• [SOURCE DATA]
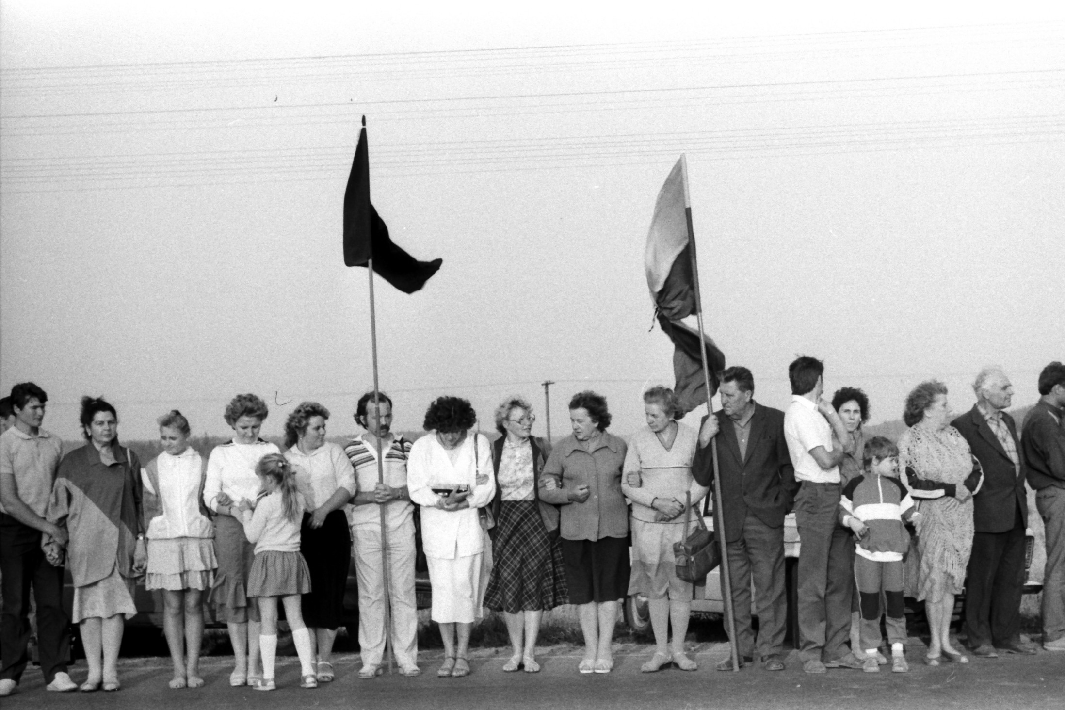 Baltic Way, 1989-08-23, Lithuania
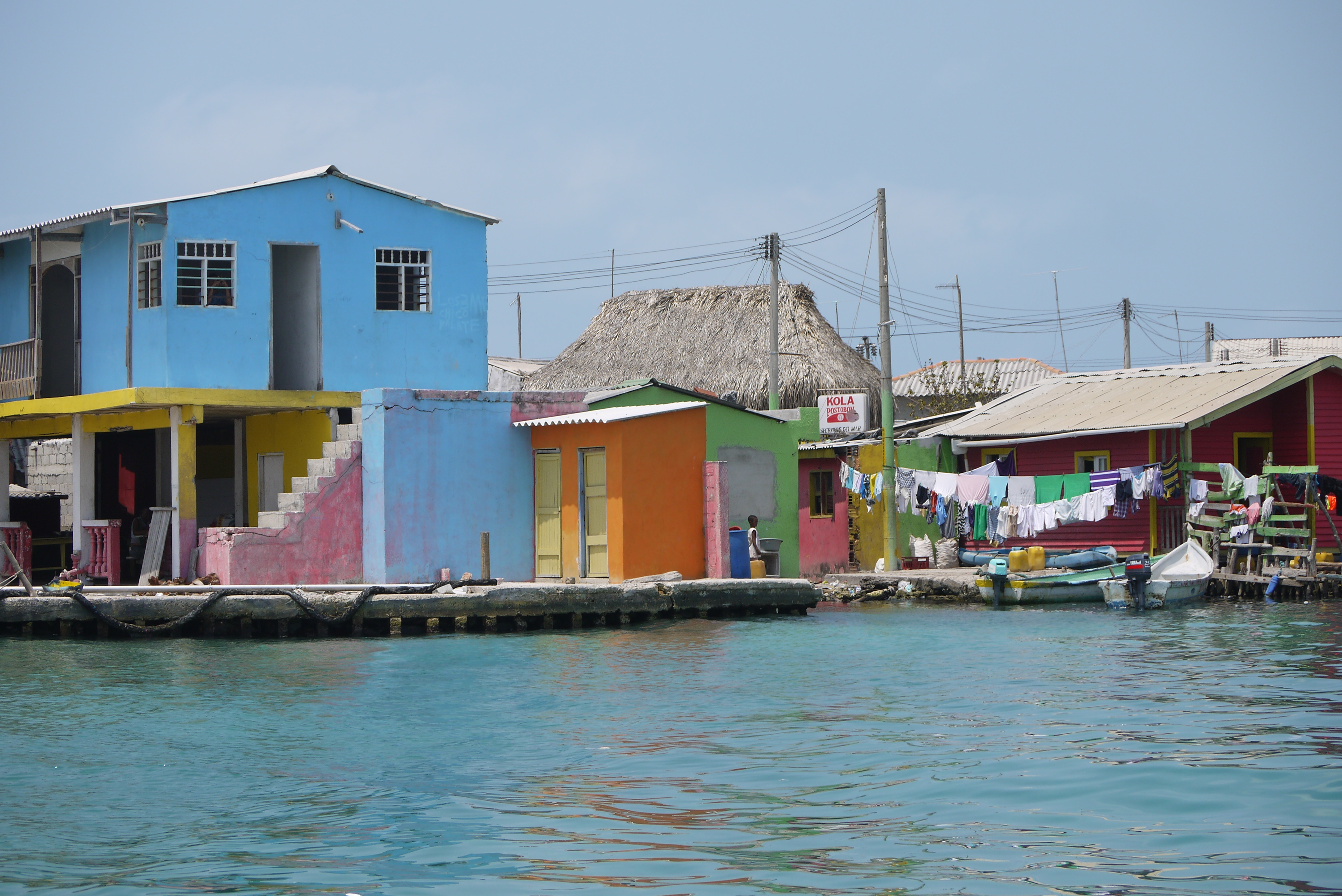 Santa Cruz del Islote
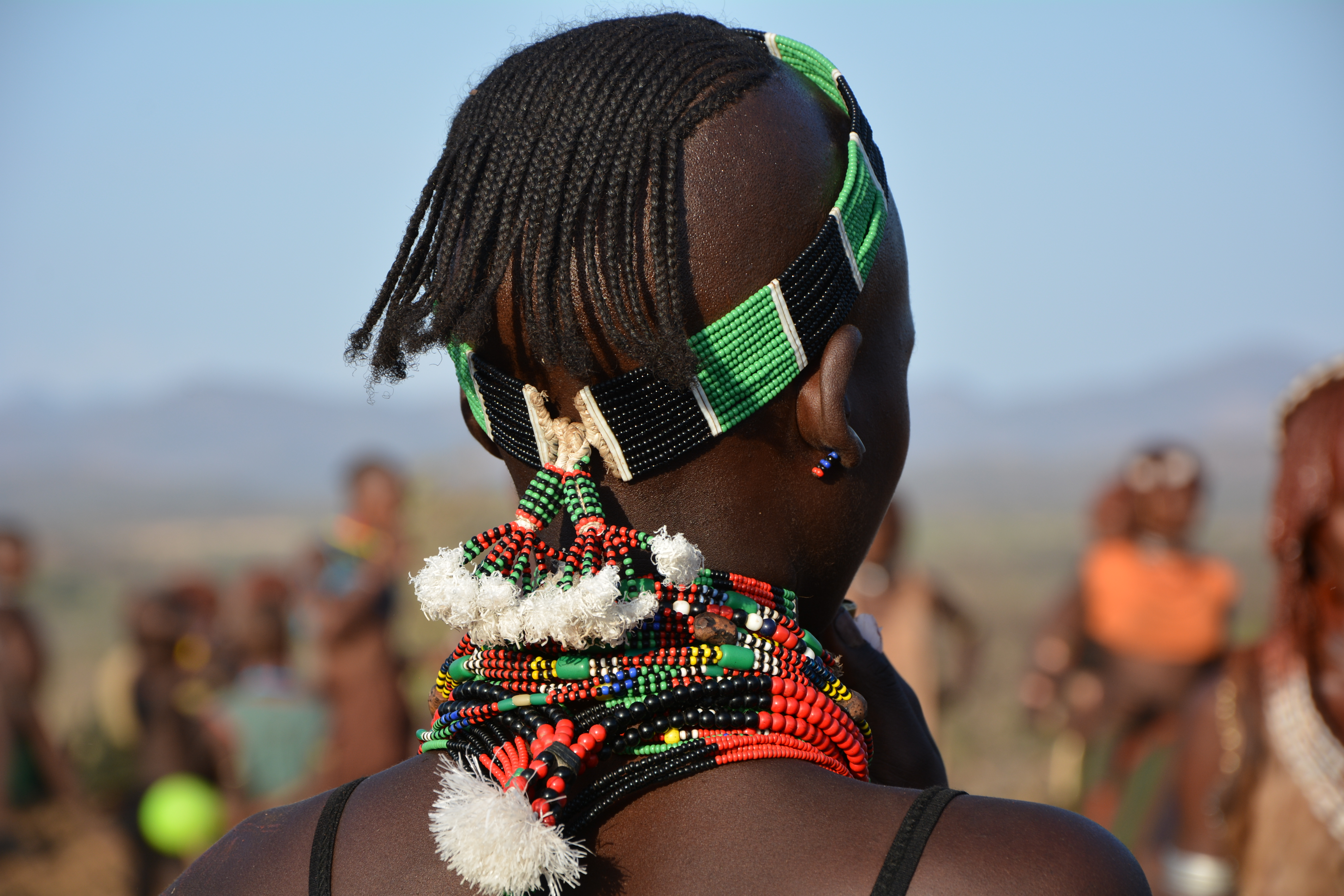 This is an image of Cultural Fashion or Adornment from Ethiopia
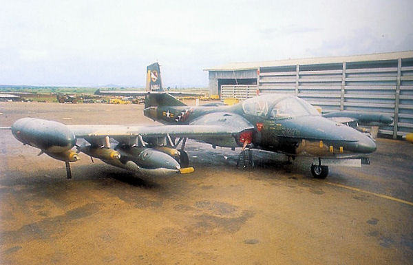 A Cessna A-37B Dragonfly of the 5548th Fighter Squadron of the South Vietnamese Air Force (VNAF), at Phan Rang Air Base.
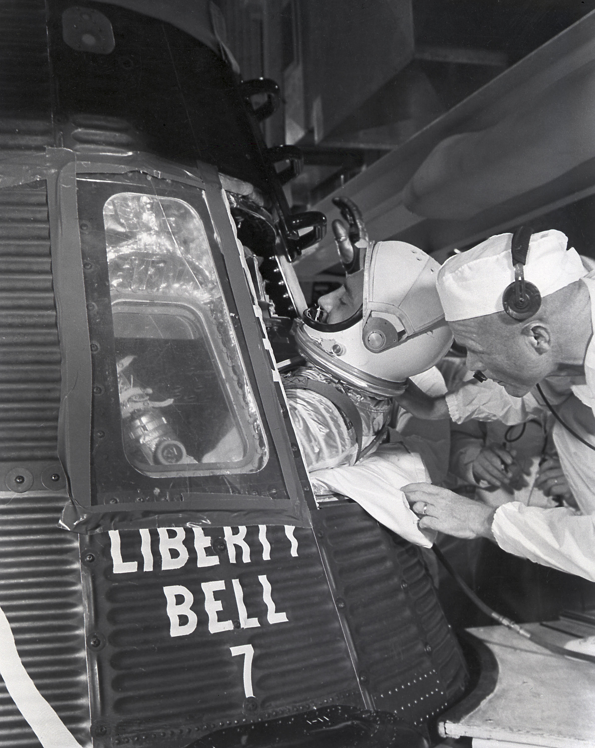 Assisted by astronaut John Glenn, astronaut Virgil Grissom enters the Mercury capsule, Liberty Bell 7, for the MR-4 mission on July 21, 1961. Boosted by the Mercury-Redstone vehicle, the MR-4 mission was the second manned suborbital flight.
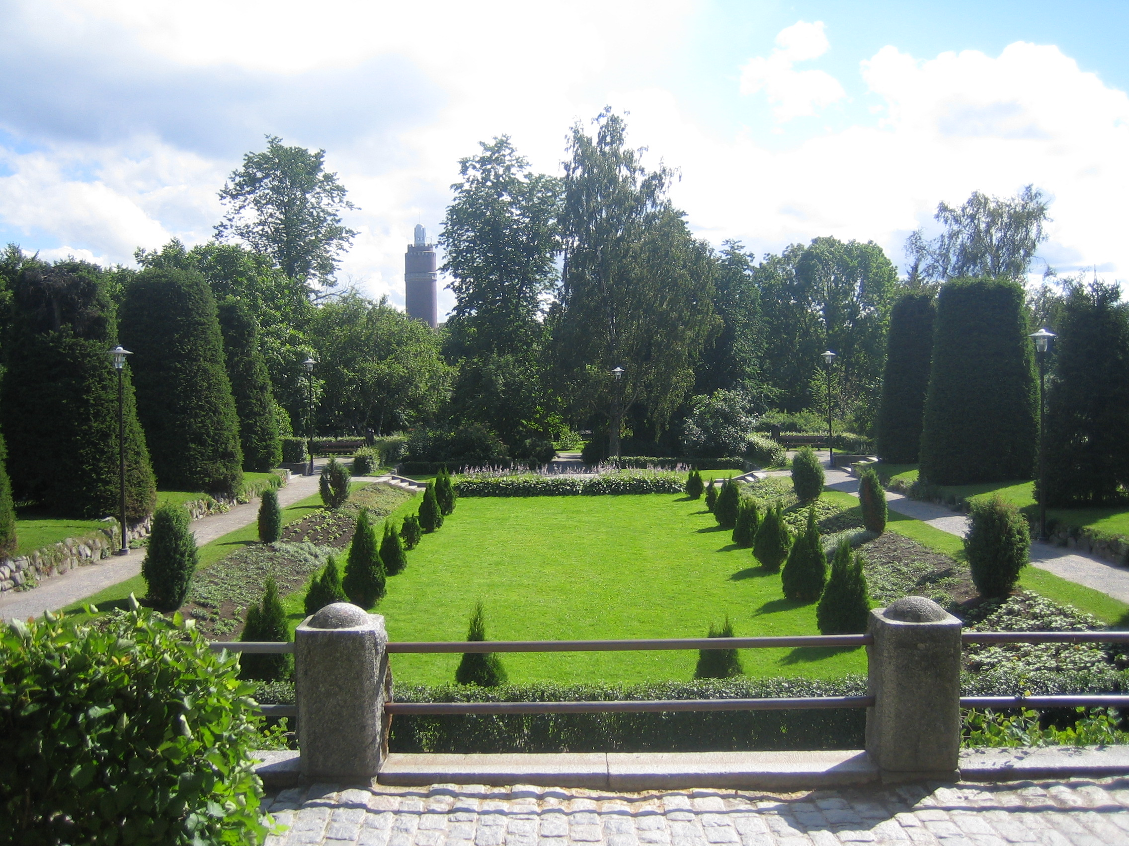 Skolparken ("The School Park"), Jakobstad, Finland.
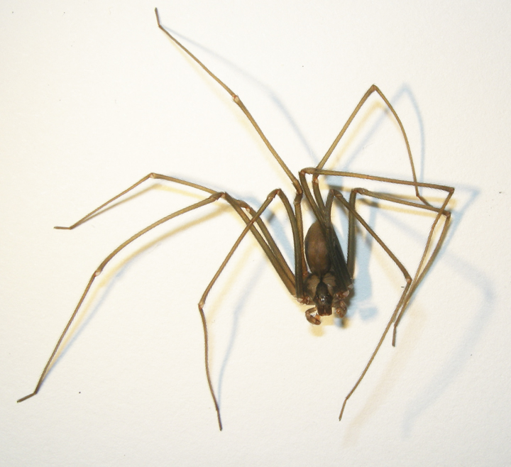 Loxosceles foutadjalloni. Brown Recluse spider relative from Guinea.
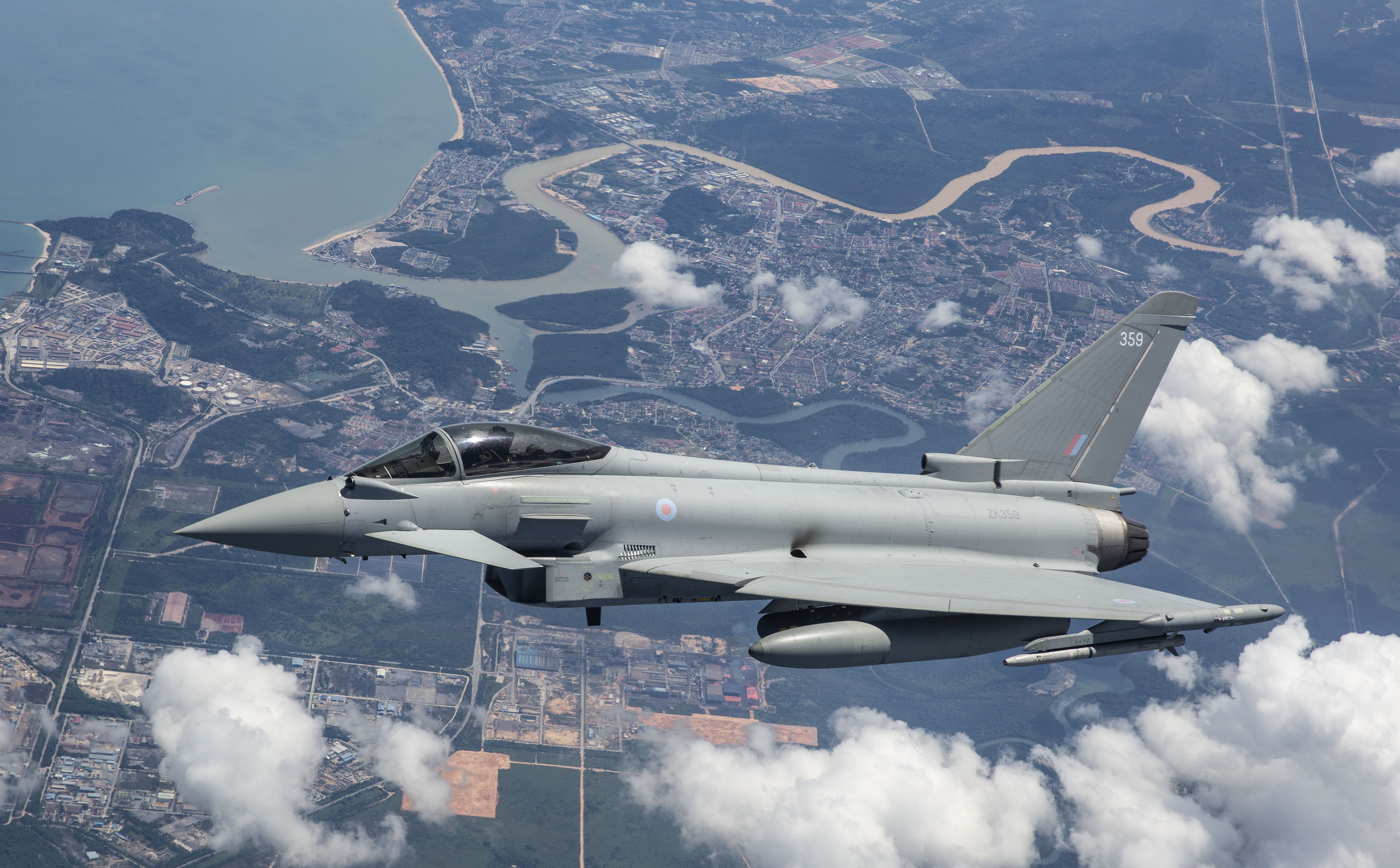 RAF Typhoon aircraft on Ex BURSAMA LIMA 2019
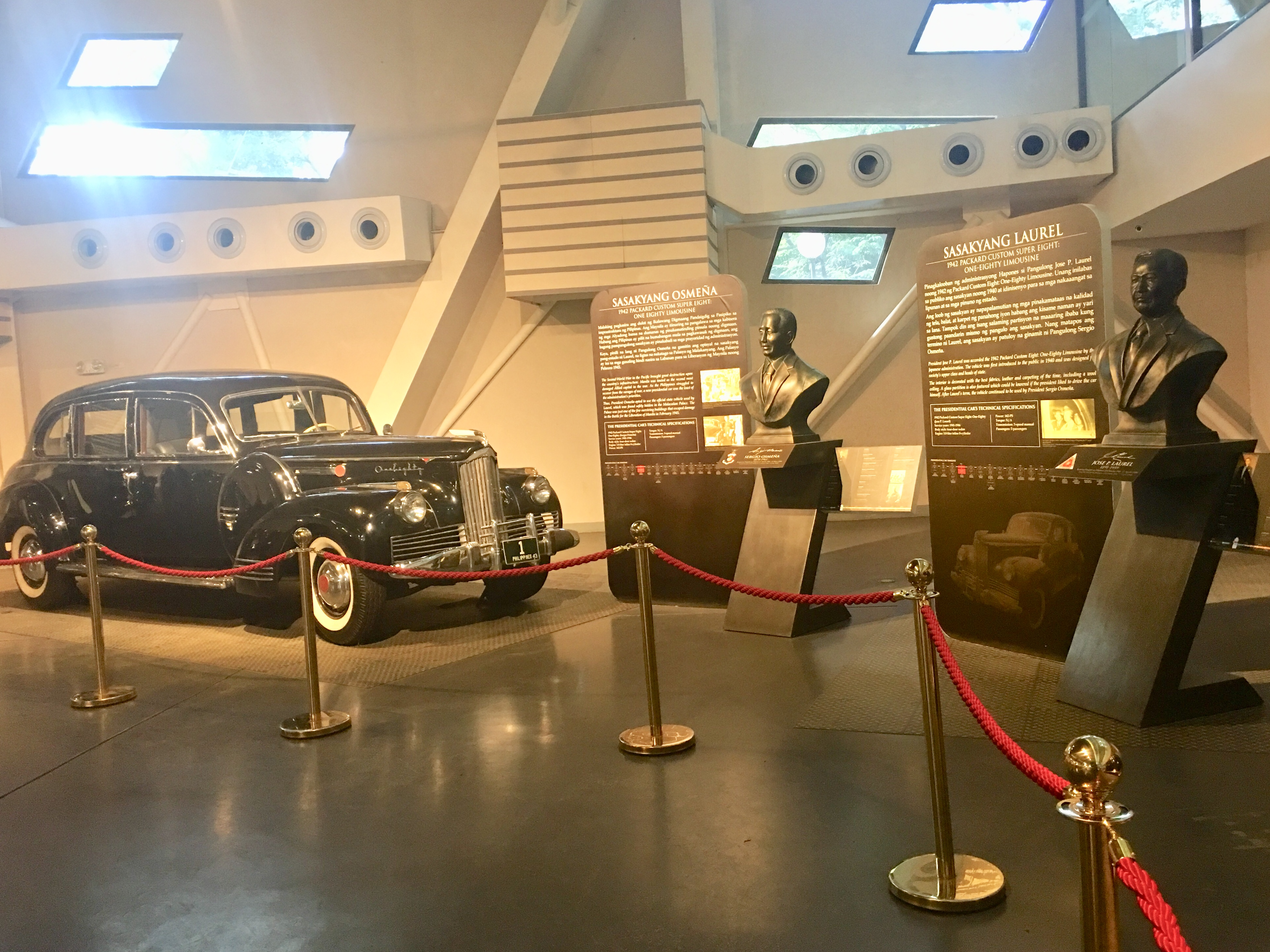 1942 Packard Custom Super Eight One-Eighty LimousinePresidential car of Jose P. Laurel and Sergio Osmeña

• [PROBLEM DESCRIPTION] Only the text is to be copied: please reproduce the records exactly and drop the pictures.

• [TASK OUTPUT]
 Baltic Way, 1989-08-23, Lithuania
 Santa Cruz del Islote
 This is an image of Cultural Fashion or Adornment from Ethiopia
 A Cessna A-37B Dragonfly of the 5548th Fighter Squadron of the South Vietnamese Air Force (VNAF), at Phan Rang Air Base.
 Assisted by astronaut John Glenn, astronaut Virgil Grissom enters the Mercury capsule, Liberty Bell 7, for the MR-4 mission on July 21, 1961. Boosted by the Mercury-Redstone vehicle, the MR-4 mission was the second manned suborbital flight.
 Skolparken ("The School Park"), Jakobstad, Finland.
 Loxosceles foutadjalloni. Brown Recluse spider relative from Guinea.
 RAF Typhoon aircraft on Ex BURSAMA LIMA 2019
 1942 Packard Custom Super Eight One-Eighty LimousinePresidential car of Jose P. Laurel and Sergio Osmeña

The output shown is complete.